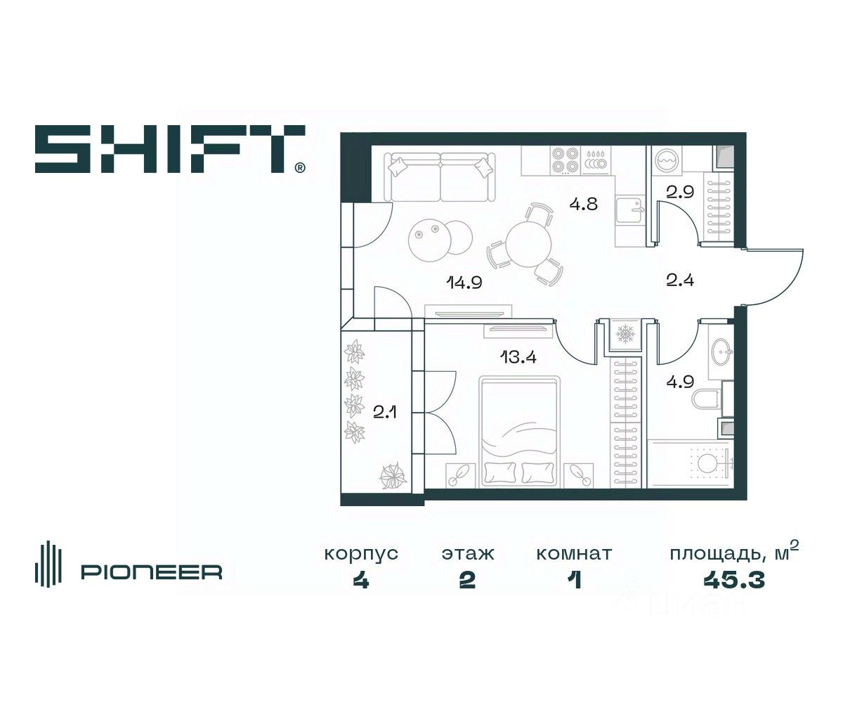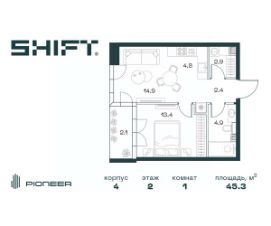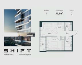 1-к квартира в премиальном комплексе SHIFT на 2-м этаже в 18 этажном здании. Общая площадь 45.3 кв. м.
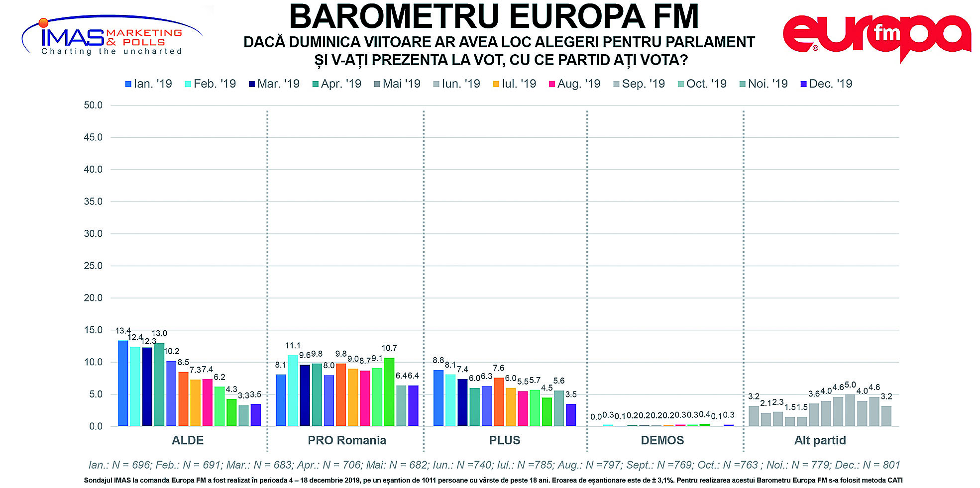 Dacă UDMR se situează constant în jurul cifrei de 5%, în schimb, se observă, în continuare, prăbușirea ALDE, dar și impotența PLUS de a capta electorat. Partidele foștilor premieri Tăriceanu și Cioloș sunt cotate ambele la câte 3,5%. Aceasta după ce ALDE era evaluat la 13,4% în decembrie 2018, iar PLUS la 8,8%. De atunci, însă, ambele sunt pe tobogan. PMP, partidul fostului președinte Băsescu nu reușească să atingă 5%, fiind cotat cu 3,5% din preferințele alegătorilor. Având în vedere dezvăluirile privind colaborarea lui Băsescu alias “Petrov” cu fosta Securitate, slaba aderență PMP la electori nu pare surprinzătoare.Sondajul IMAS la comanda Europa FM a fost realizat în perioada 4 – 18 decembrie 2019, pe un eșantion de 1011 persoane cu vârste de peste 18 ani. Eroarea de eșantionare este de ± 3,1%.
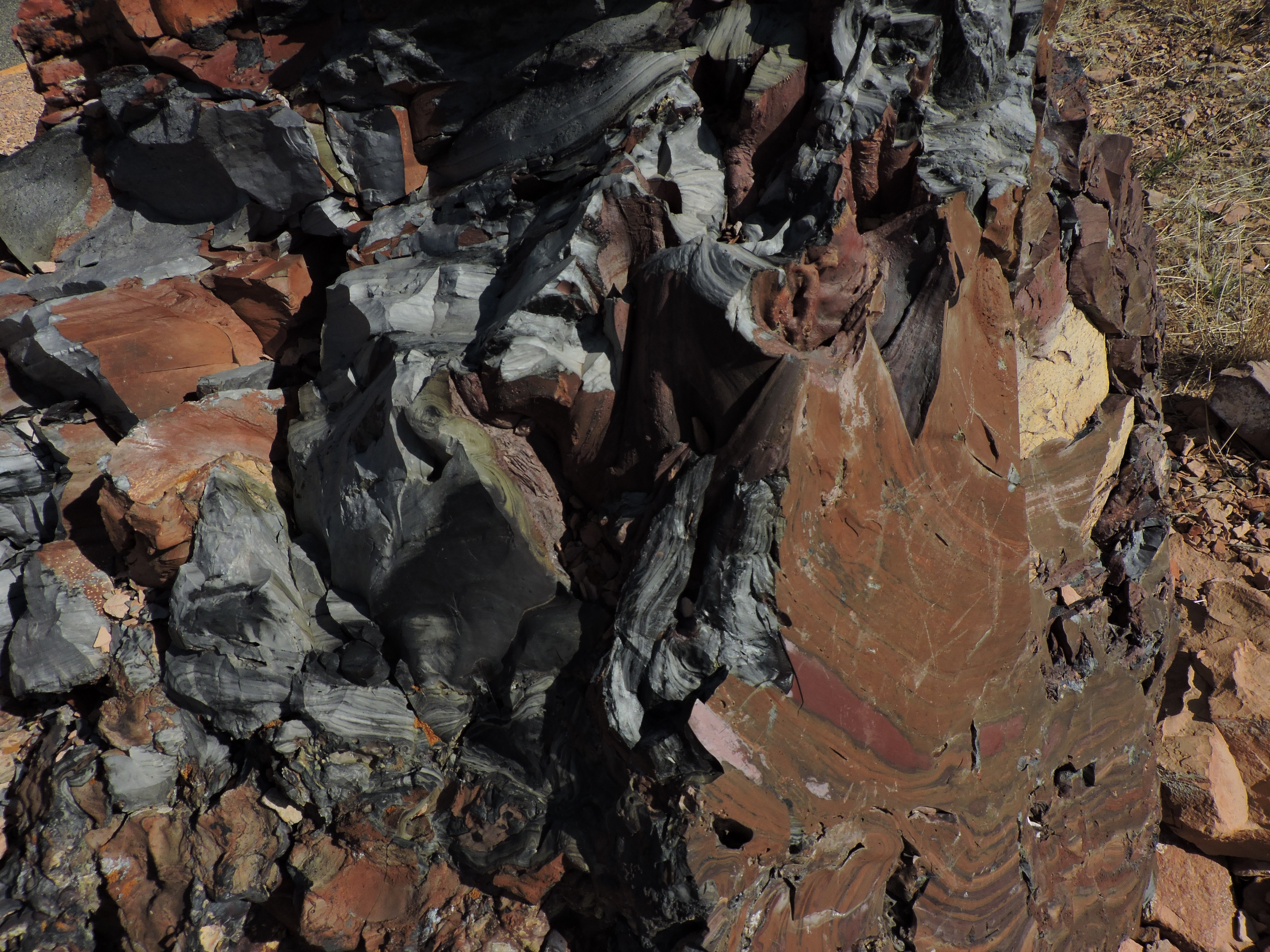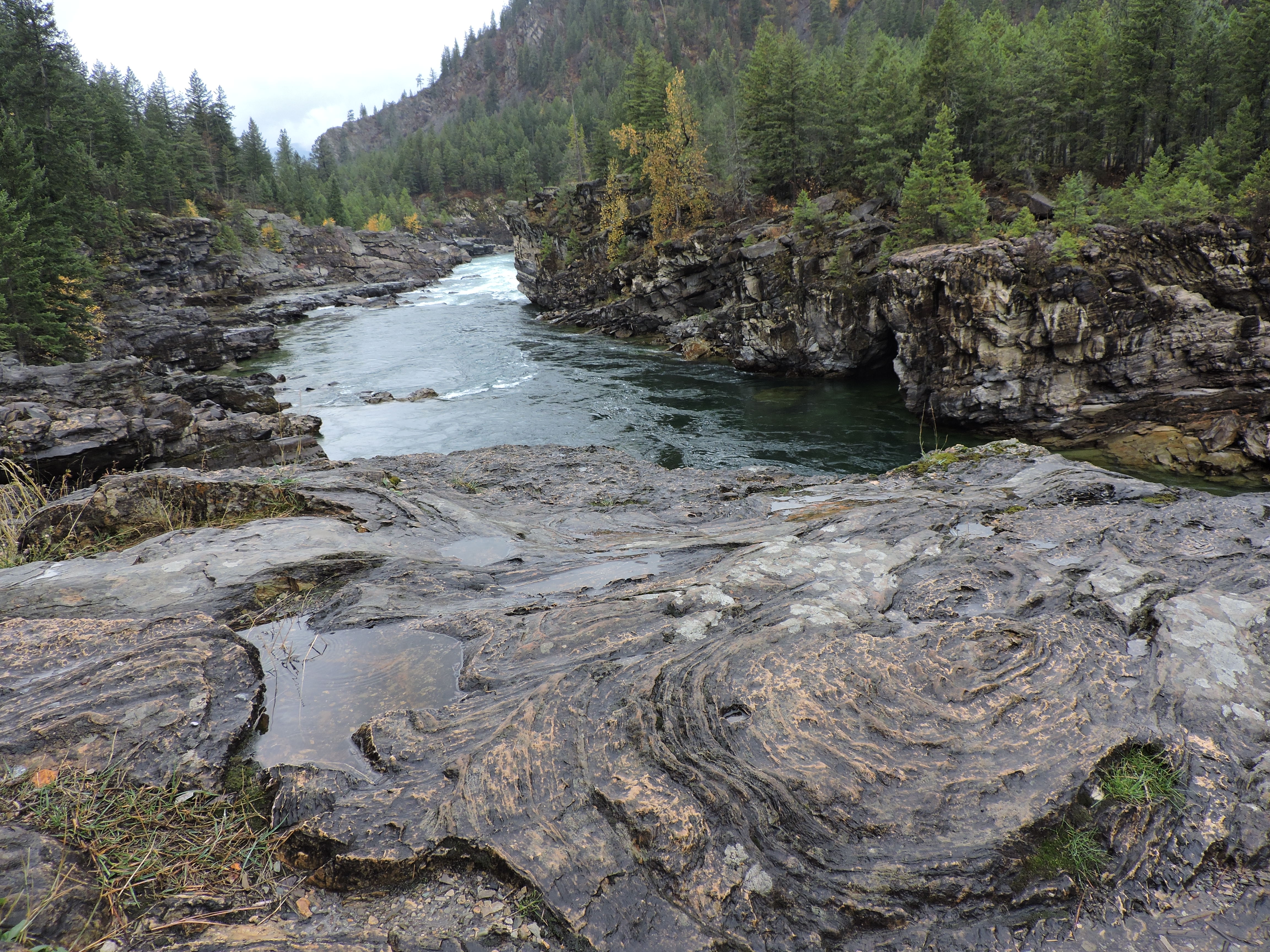 We drove about fifteen minutes into Montana before our first rock stop along the Kootenay River. There were things here that looked like agates but, in retrospect, probably weren’t. We had Kootenay Falls almost to ourselves just a bit later, where we photographed vivid stromatolite fossils – some of the earliest life forms, though maybe not the most agile, speedy or handsome. The next day we crossed Marias Pass in the Rockies and scooted out onto Montana’s high plains.

◆ **DIRECTIONS FOR THIS TASK**:
For this exercise, transcribe the data above line by line, exactly, with pictures omitted.

◆ **RESULT OF THIS TASK**:
 1-к квартира в премиальном комплексе SHIFT на 2-м этаже в 18 этажном здании. Общая площадь 45.3 кв. м.
 Dacă UDMR se situează constant în jurul cifrei de 5%, în schimb, se observă, în continuare, prăbușirea ALDE, dar și impotența PLUS de a capta electorat. Partidele foștilor premieri Tăriceanu și Cioloș sunt cotate ambele la câte 3,5%. Aceasta după ce ALDE era evaluat la 13,4% în decembrie 2018, iar PLUS la 8,8%. De atunci, însă, ambele sunt pe tobogan. PMP, partidul fostului președinte Băsescu nu reușească să atingă 5%, fiind cotat cu 3,5% din preferințele alegătorilor. Având în vedere dezvăluirile privind colaborarea lui Băsescu alias “Petrov” cu fosta Securitate, slaba aderență PMP la electori nu pare surprinzătoare.Sondajul IMAS la comanda Europa FM a fost realizat în perioada 4 – 18 decembrie 2019, pe un eșantion de 1011 persoane cu vârste de peste 18 ani. Eroarea de eșantionare este de ± 3,1%.
 We drove about fifteen minutes into Montana before our first rock stop along the Kootenay River. There were things here that looked like agates but, in retrospect, probably weren’t. We had Kootenay Falls almost to ourselves just a bit later, where we photographed vivid stromatolite fossils – some of the earliest life forms, though maybe not the most agile, speedy or handsome. The next day we crossed Marias Pass in the Rockies and scooted out onto Montana’s high plains.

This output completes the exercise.